LIANA GREY Mar 18, 2007

SubcomandanteART: LEO GARCIA


THE UNCOMFORTABLE DEAD (WHAT’S MISSING IS MISSING): A NOVEL OF FOUR HANDS
BY PACO IGNACIO TAIBO II AND SUBCOMANDANTE MARCOS AKASHIC BOOKS (2006)

Uruguayan journalist Eduardo Galeano once called Subcomandante Marcos “the voice for many voices.” For over a decade, Marcos has been the voice of Chiapas, a region he once labeled “Basement Mexico” in reference to its indigenous population’s low standing in Mexican society. Yet the jungles of southeastern Mexico also serve as the country’s foundation, providing “Penthouse Mexico” with natural resources, and Marcos with the inspiration for a rather unusual political strategy. Just as Ancient Mayans once narrated fables in order to make sense of the Spanish invasion, the Zapatista spokesman uses storytelling to further his cause, putting a modern spin on an ancient indigenous tradition.

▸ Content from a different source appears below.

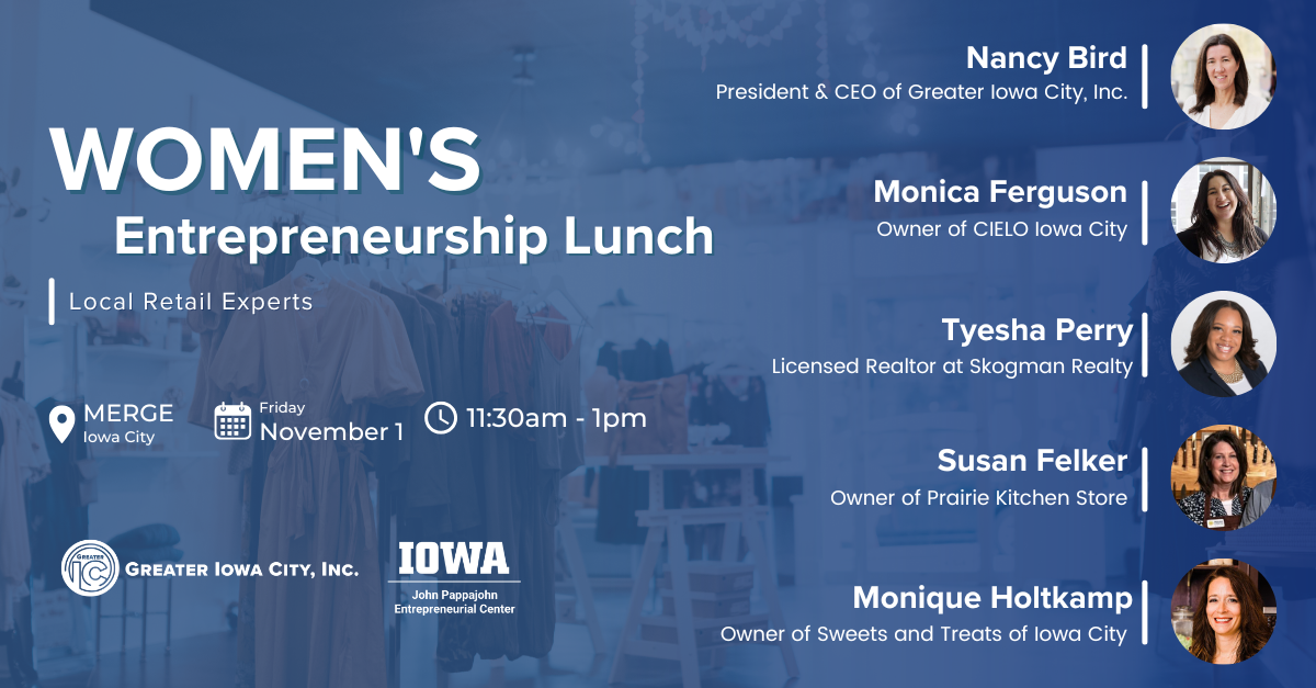 Join Greater Iowa City, Inc. and the University of Iowa's John Pappajohn Entrepreneurial Center to connect with women in business, enjoy lunch, and learn from a panel of entrepreneurs doing business in rural Johnson County.

Marcos happens to be a naturalborn storyteller, the author of an award-winning children’s book and a series of political fables laden with animal imagery. In some parables, he writes in the voice of a beetle named Don Durito. In others, he compares Mexico and its neoliberal policies to primitive grotesque creatures, including a “beast” and a bloodthirsty lion.

For a recent, and ambitious, project, he teamed up with popular Mexican author Paco Ignacio Taibo II to write The Uncomfortable Dead, a murder mystery that follows a Zapatista detective’s investigation of a Dirty War criminal. Marcos and Paco penned alternating chapters, using a method known as Four Hands, and the result is a highly unconventional and politically intriguing noir. The plot is centered mainly in Mexico City (known in the novel as “the Monster”), and captures the disparity between Mexico’s real jungles and its largest urban center, where city folk who “don’t know how to explain how they feel” lurk on subways and in shopping malls, indifferent to the injustices carried out in Chiapas.

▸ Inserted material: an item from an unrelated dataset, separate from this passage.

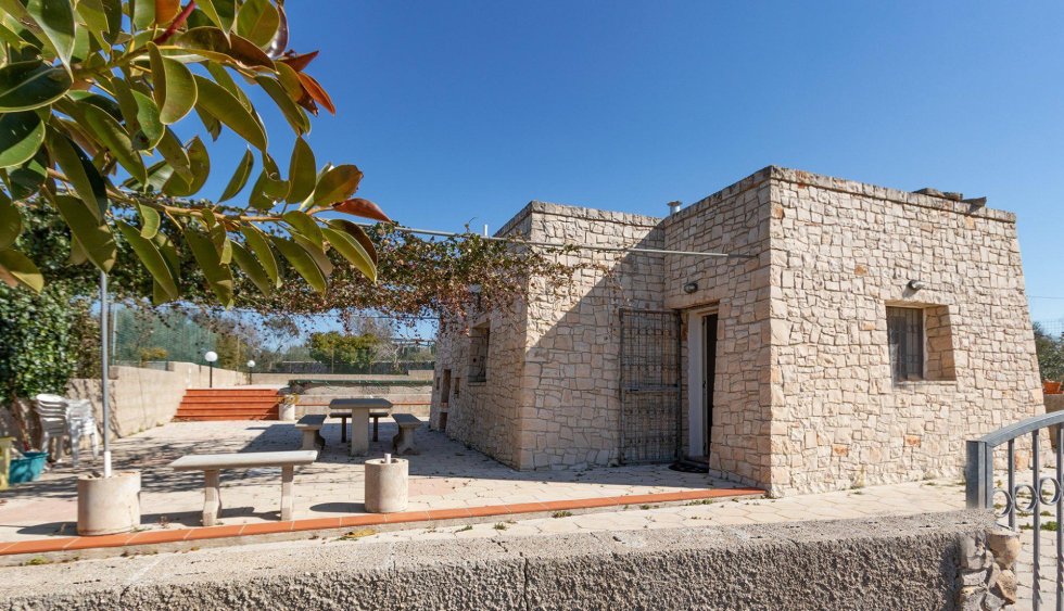 The plot of 11,000 square meters with a stone house of 40 covered square meters and swimming pool of 32 square meters, plus a raw Villa, to be completed, with the possibility of creating a swimming pool. The large land is partly dedicated to the cultivation of the garden, partly to orchards and olive groves.

Marcos has the advantage of understanding both sides of the class divide. He was born and raised in Tampico, a relatively wealthy urban center on the Gulf Coast, and it was only after attending college in Mexico City that he began to live among Chiapas’ indigenous poor. Like Ralph Nader, a formerly middle class idealist who survived on a meager salary while crusading for consumer rights, Marcos commits to the Zapatista slogan “everything for everyone, nothing for us,” making a once-distant cause his own.  This sincerity shines through in all of Marcos’ writings, though most visibly in The Uncomfortable Dead. He makes constant reference to the EZLN in the murder mystery, even pointing to his own role as the movement’s spokesman. Yet he seems to poke fun at the idea of propaganda, writing with a twinkle in his eye and a down to – earth likeability.

In one scene, he writes mockingly, “El Sup was going [to a jazz festival] disguised as a saxophone, and after that he was going to do some table-dancing at a ‘girl’s only’ club to raise money for the cause.” Marcos will charm anyone who picks up his novel, and some readers may find themselves itching to look into, if not support, the Zapatista cause.